I'm trying to show $$\sum_{n \leq x}\sigma_{\alpha}=\frac{\zeta(\alpha+1)}{\alpha + 1}x^{\alpha+1}+O(x^{\alpha})$$
I have come to a step where I need to prove that $$\sum_{n \leq x}=\frac{x^{\alpha +1}}{\alpha+1}+O(x^{\alpha})$$ I'm unsure how to show this part, the most I have done is saw that, $$1+2^{\alpha}+ \cdots + x^{\alpha} \leq xx^{\alpha}=x^{\alpha+1}$$ Any help with this would be greatly appreciated thanks!
On
Since $\sigma_{\alpha}(n)=\sum_{d\mid n}d^{\alpha}$, for any $s$ large enough we have $$ \sum_{n\geq 1}\frac{\sigma_\alpha(n)}{n^s} = \zeta(s)\zeta(s-\alpha)$$ and the LHS is actually convergent for any $s>\alpha+1$. In a right neighbourhood of $s=\alpha+1$ the LHS behaves like $\left(\zeta(\alpha+1)+o(1)\right)\left(\frac{1}{s-1-\alpha}+\gamma+o(1)\right)$. By invoking the Hardy-Littlewood tauberian theorem we have that $$ \sum_{n\leq N}\frac{\sigma_\alpha(n)}{n^{\alpha}}\sim \zeta(\alpha+1) N $$ and the claim follows by summation by parts.

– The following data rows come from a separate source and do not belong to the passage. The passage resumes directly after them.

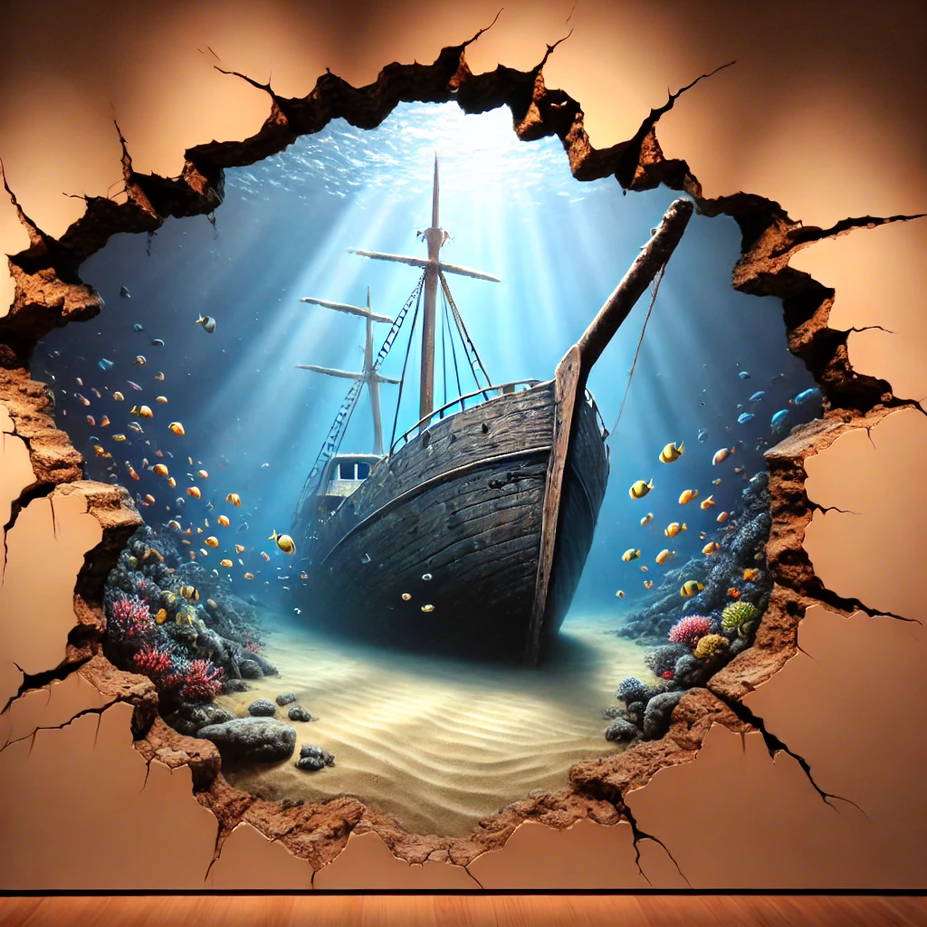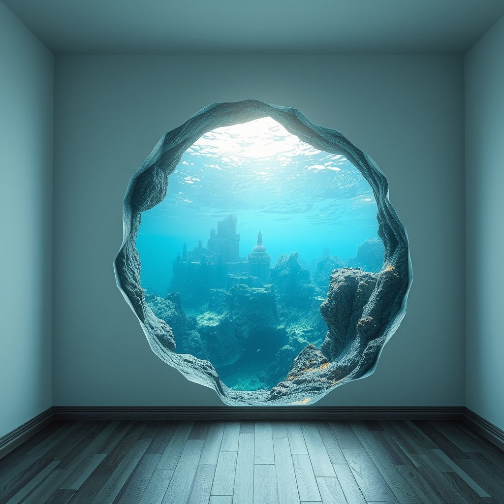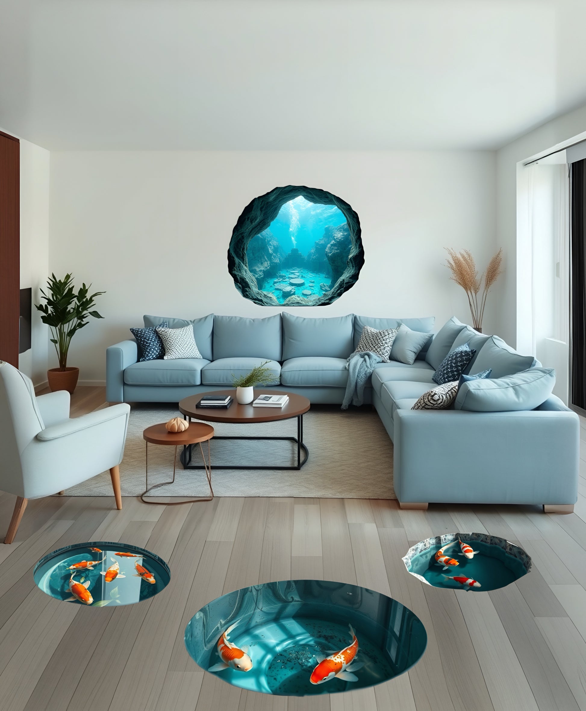 HIGH QUALITY VINYL WALL DECAL. VIEW OF UNDERWATER CAVERNS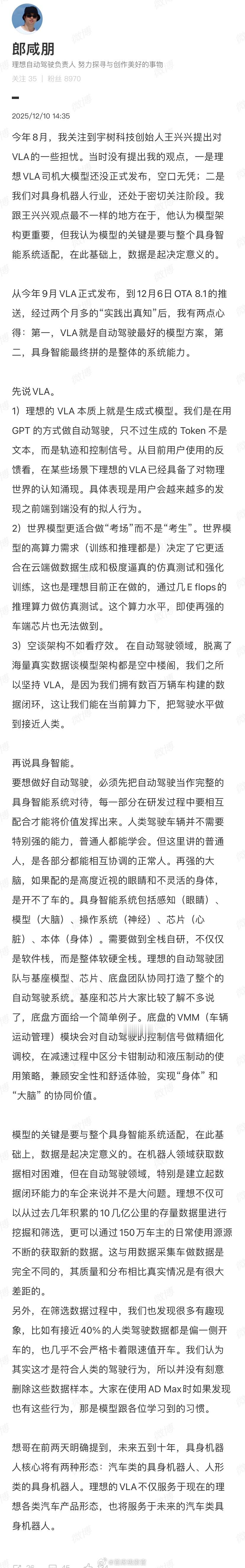 理想高管回应王兴兴质疑理想自动驾驶负责人郎咸朋发布长文,回应了王兴兴的质疑,表示他与王兴兴的观点不同,他认为模型的关键是要与整个具身智能系统适配,在此基础上,数据是起决定意义的。308_IO新能源汽车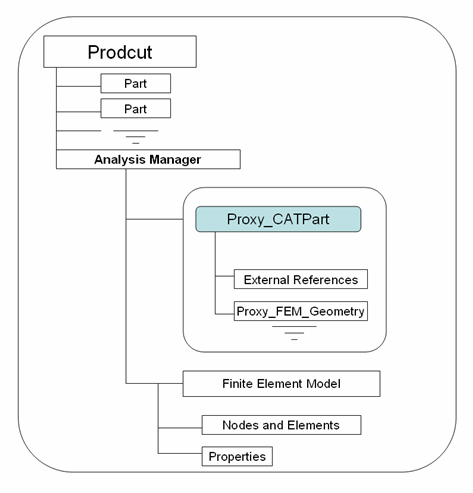 | In the illustration below, the self-sufficient Proxy_CATPart manages all the missing geometries for constraining and mesh purposes. | |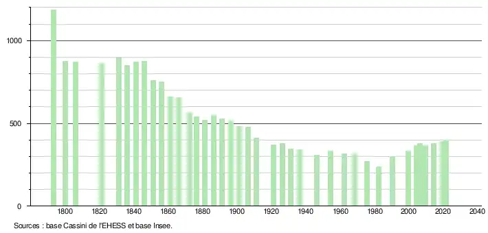 L'évolution du nombre d'habitants est connue à travers les recensements de la population effectués dans la commune depuis 1793. Pour les communes de moins de 10 000 habitants, une enquête de recensement portant sur toute la population est réalisée tous les cinq ans, les populations légales des années intermédiaires étant quant à elles estimées par interpolation ou extrapolation[30]. Pour la commune, le premier recensement exhaustif entrant dans le cadre du nouveau dispositif a été réalisé en 2004[31].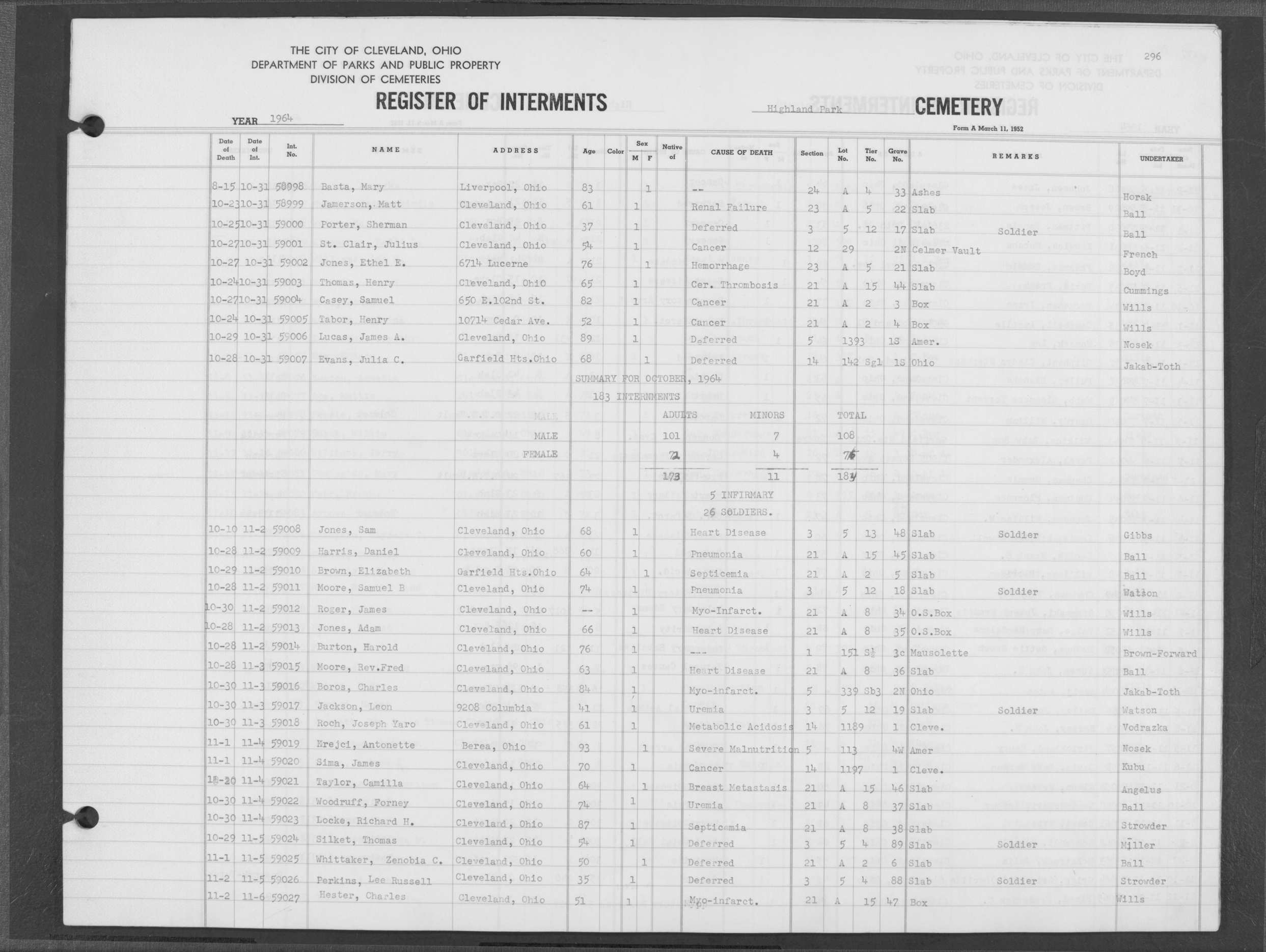 | Highland Park | 6 | 296 | Nov | 2 | 1964 | Nov | 5 | 1964 | 59026 | Perkins, Lee Russell | 35y | M | ||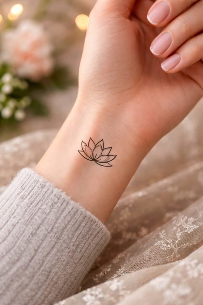 Minimal back-hand lotus henna art features a single blooming flower with subtle shading and fine petal detailing, accented by tiny leaves. Modern simplicity meets cultural grace. The lotus represents purity and resilience.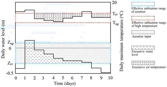 Schematic of the effective utilization range of high temperatures during an assumed 10-day waterlogging event. The lower portion of this figure is derived from Figure 4. The stepped black lines in the upper portion and the lower portion of this figure indicate the daily maximum temperatures and daily water levels, respectively.
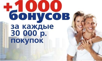 Владельцы карт «БОНУС-Новосел» при совершении покупок в гипермаркетах «Бауцентр» помимо обычного начисления 40 бонусов за каждые 1 000 рублей покупки, дополнительно получают 1 000 бонусов за каждый 30 000 рублей покупки.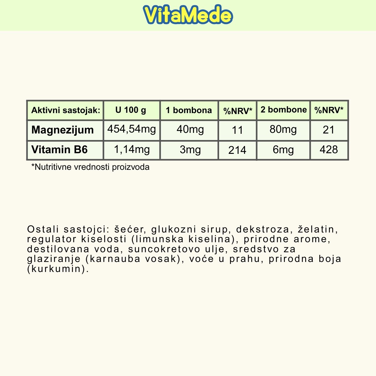 VitaMede Magnezijum + Vitamin B6 je dodatak ishrani. Dodaci ishrani nisu zamena za raznovrsnu i uravnoteženu ishranu i zdrav način života.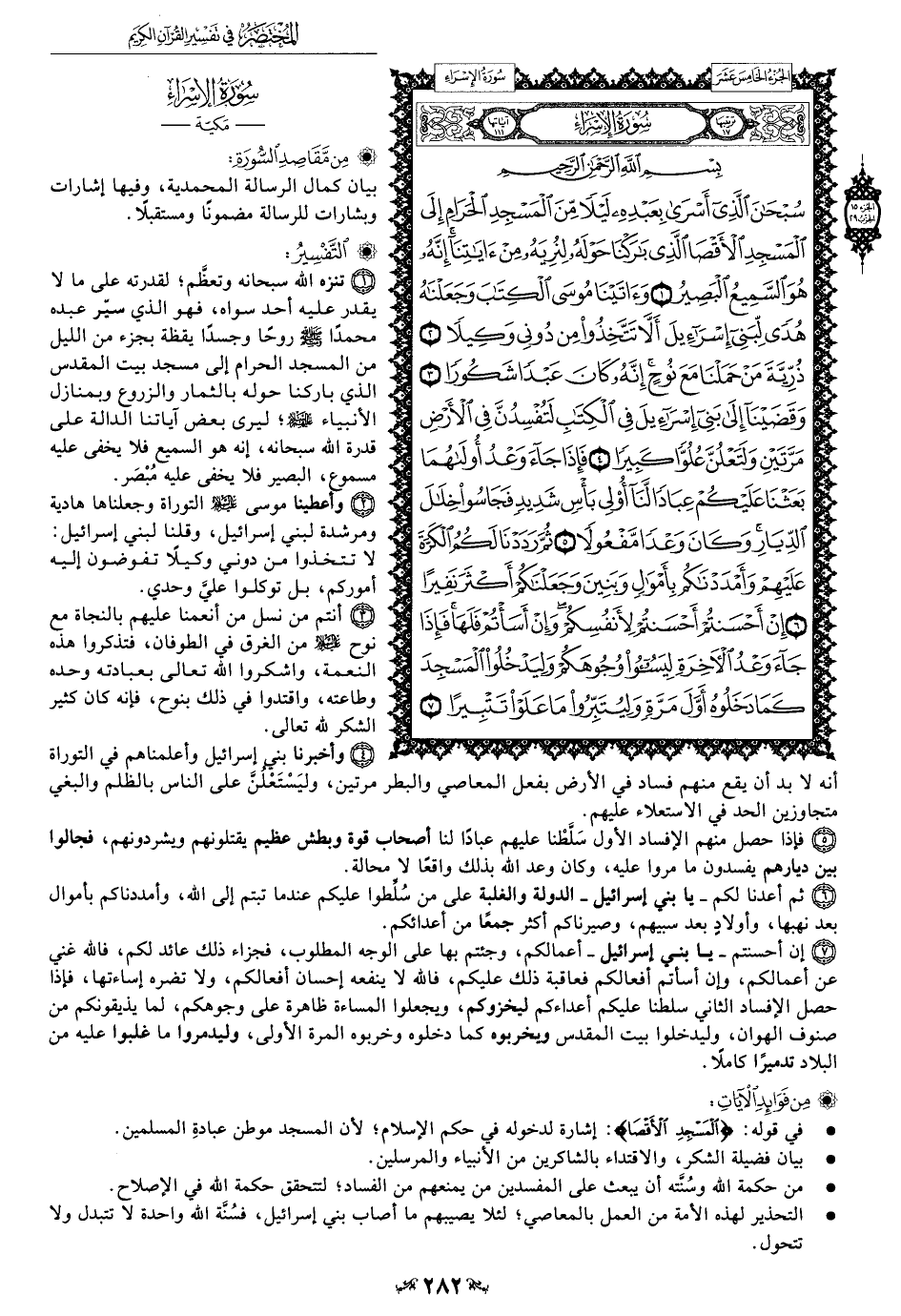 y 1 - تنزه الله سبحانه وتعظَّم؛ لقدرته على ما لا يقدر عليه أحد سواه، فهو الذي سيّر عبده محمدًا - صلى الله عليه وسلم - روحًا وجسدًا يقظة بجزء من الليل من المسجد الحرام إلى مسجد بيت المقدس الذي باركنا حوله بالثمار والزروع وبمنازل الأنبياء عليهم السلام؛ ليرى بعض آياتنا الدالة على قدرة الله سبحانه، إنه هو السميع فلا يخفى عليه مسموع، البصير فلا يخفى عليه مُبْصَر.
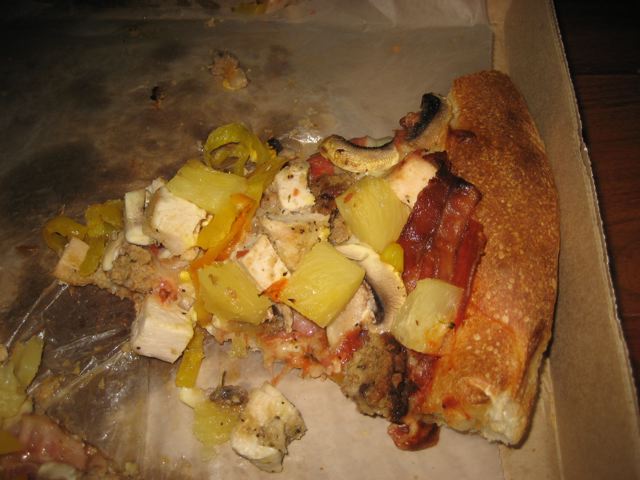 Mazzas pizza. Chicken, Bacon, pineaple, mushrooms and hot peppers.

the key to the approximation you wish to derive is an elementary but powerful summation formula due to Euler. this states that for a function $f \in C^1([y,x])$
$$ \sum_{y \lt n \le x} f(n) = \int_y^x f(t)dt +\int_y^x (t-\lfloor t \rfloor)f'(t)dt +f(x)(\lfloor x\rfloor -x) - f(y)(\lfloor y \rfloor-y) \tag{E} $$ i will append the short proof, but for the moment, assuming this statement (E), and considering a particular application with $y=1$ and $f(t)=t^{\alpha}$ this gives, for $\alpha \gt 0$: $$ \sum_{n \le x} n^{\alpha} =1+\sum_{1 \lt n \le x} n^{\alpha} \\ = \int_1^x t^{\alpha} dt + \bigg(1 +\int_1^x(t-\lfloor t \rfloor)\alpha t^{\alpha-1}dt +x^{\alpha}(\lfloor x \rfloor - x) \bigg)\\ = \frac{x^{\alpha+1}}{\alpha+1} + O(x^{\alpha}) $$ which is the result you need. (because $\alpha \gt 0$ the constant term $1-\frac1{\alpha+1}$ may be absorbed into the $O(x^{\alpha})$)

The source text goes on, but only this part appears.